Jeff O'Handley, Author

Jeff O'Handley

The Doubting Writer Finds His Voice

Information Overload

“Too much of everything is just enough” — I Need A Miracle, John Perry Barlow/Bob Weir

At some point in the latter stages of the last century–and trust me, though we are now a decade into the twenty-first century, I still think of ‘the last century’ as meaning the 1800’s–we entered THE INFORMATION AGE. It is largely great. When I hit the ‘publish’ button at the top of this page, my thoughts and ramblings will be available to anyone with access to a computer and the internet. If I want to find out more about haberdashers in Victorian England, I can do it without having to leave the comforts of home, without getting buried by a pile of books in my local library, or without having to wait weeks for my library to get those books on inter-library loan. I can get real-time information on stocks, watch a solar eclipse as it happens–in Australia! Check my credit score. I can access nearly any newspaper, check out the traffic at Exit 45 on the Long Island Expressway, or see just what business is  on the corner of Chestnut and Main in Sheboygan.

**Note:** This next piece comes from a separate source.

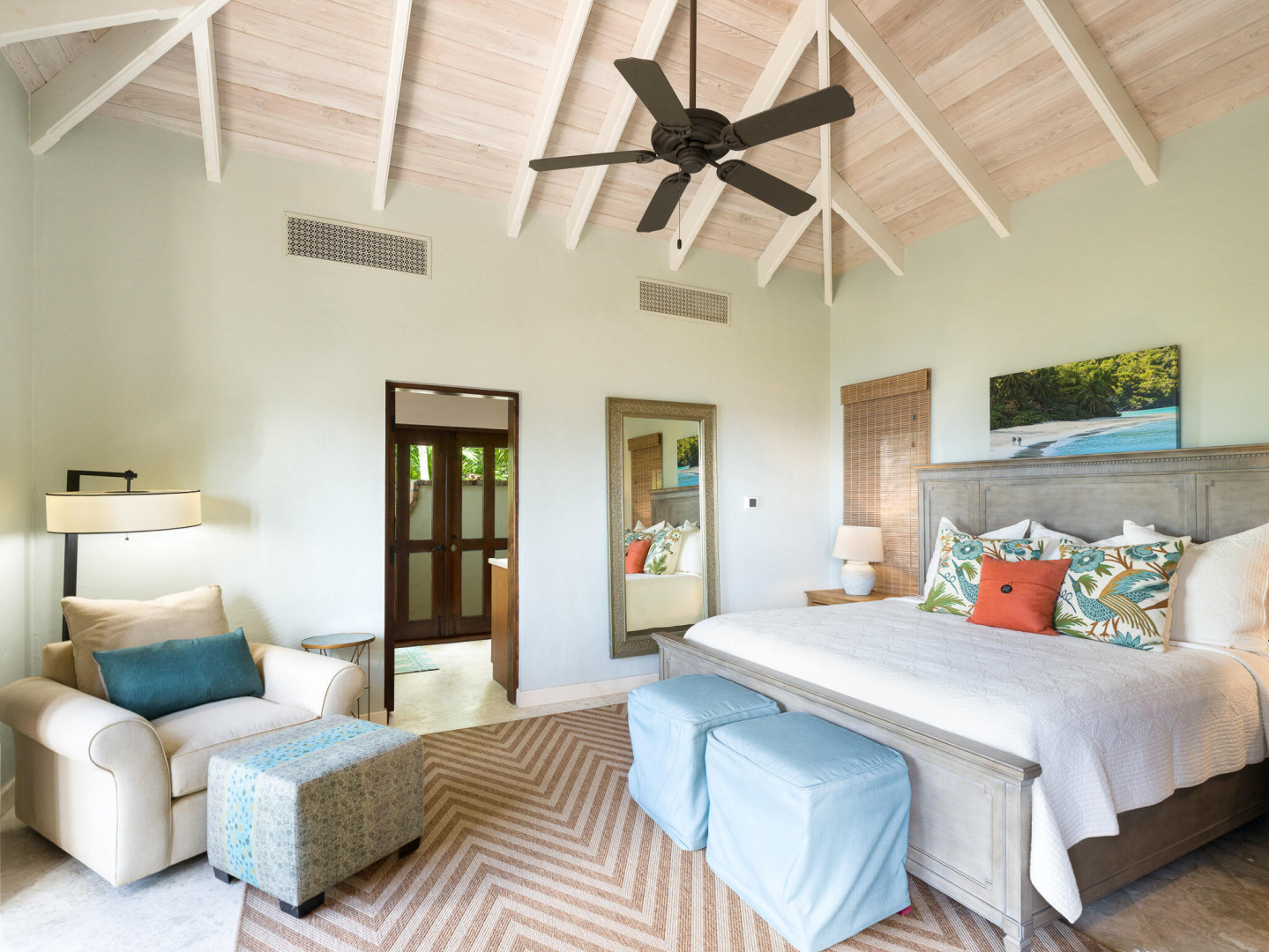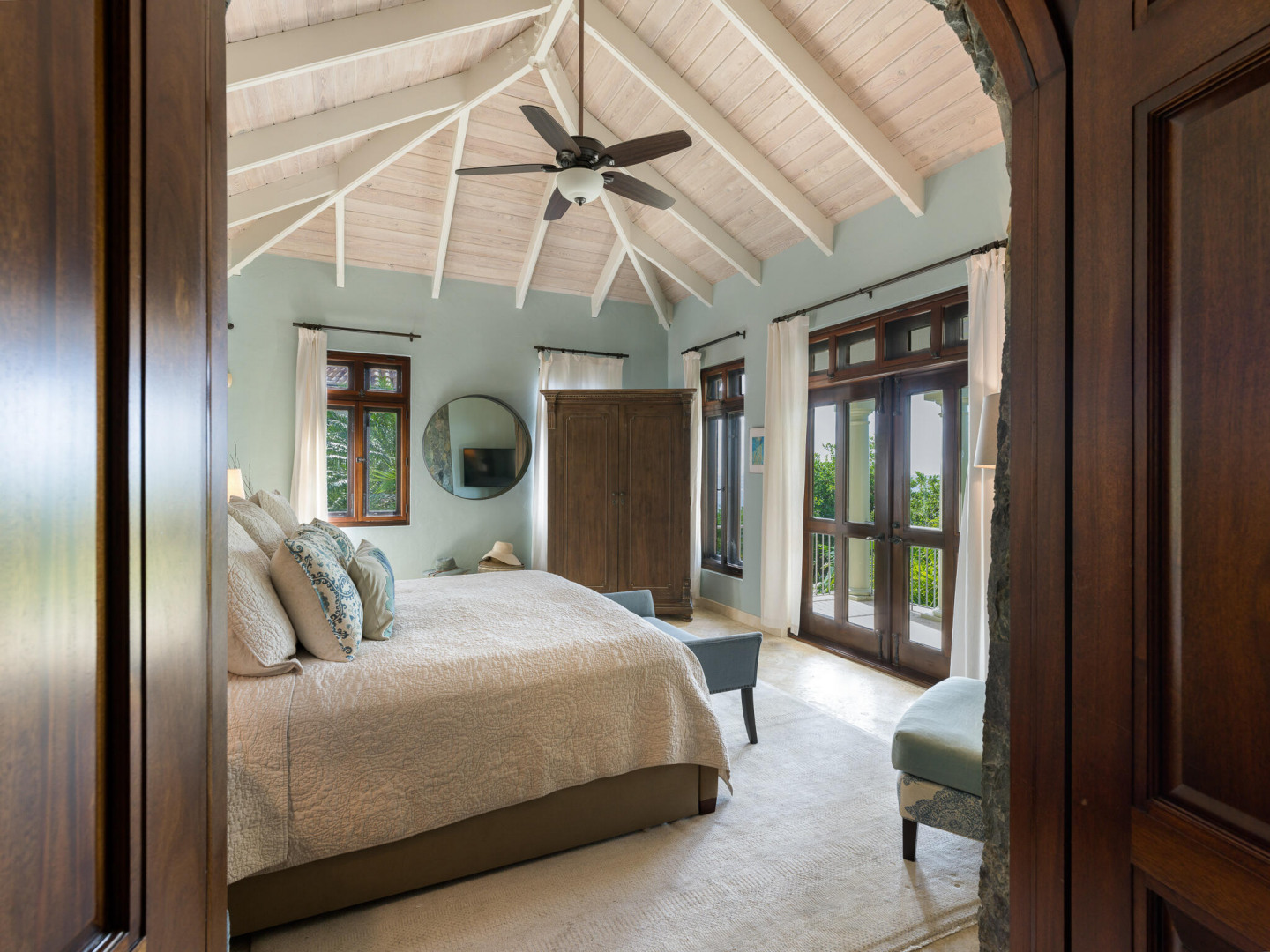 Rare Private Beachfront Beauty! Nestled on a lush acre this beautiful private villa takes your breath away with its charm & serenity. Located in the desirable Chocolate Hole neighborhood, only 5 minutes to town, TRANQUILITY VILLA provides 5+bedrooms, 5 bathrooms & boasts stunning ocean views. This gated home is steps away from your own white sand beach where you can enjoy paddle boarding, kayaking & snorkeling in the pristine bay, take an afternoon nap or watch spectacular sunsets. Beautifully appointed with numerous upgrades and benefits including: Newly remodeled kitchen, solar power, large capacity generator, new appliances, new high-end furniture, oversized two car garage, saltwater pool, private gym plus yoga deck overlooking the the Caribbean. Come live the dream at Tranquility!

For writers in my particular stage of development, the Information Age is awesome not just because of what it brings to our work, but because of the speed it allows us to query at, and the window it gives us into the process. But sometimes I have to wonder: Is it too much?

The web giveth, and the web giveth some more. In the case of querying agents, the web giveth uth specific information on each agent. “Send a query and five pages,” says Agent X on her agency website. “Submit your query by e-mail along with a synopsis and three chapters embedded in the e-mail,” says another. “Attachments are fine,” says a third. Great information to have, easily found, and we tailor our queries to give each agent what she wants.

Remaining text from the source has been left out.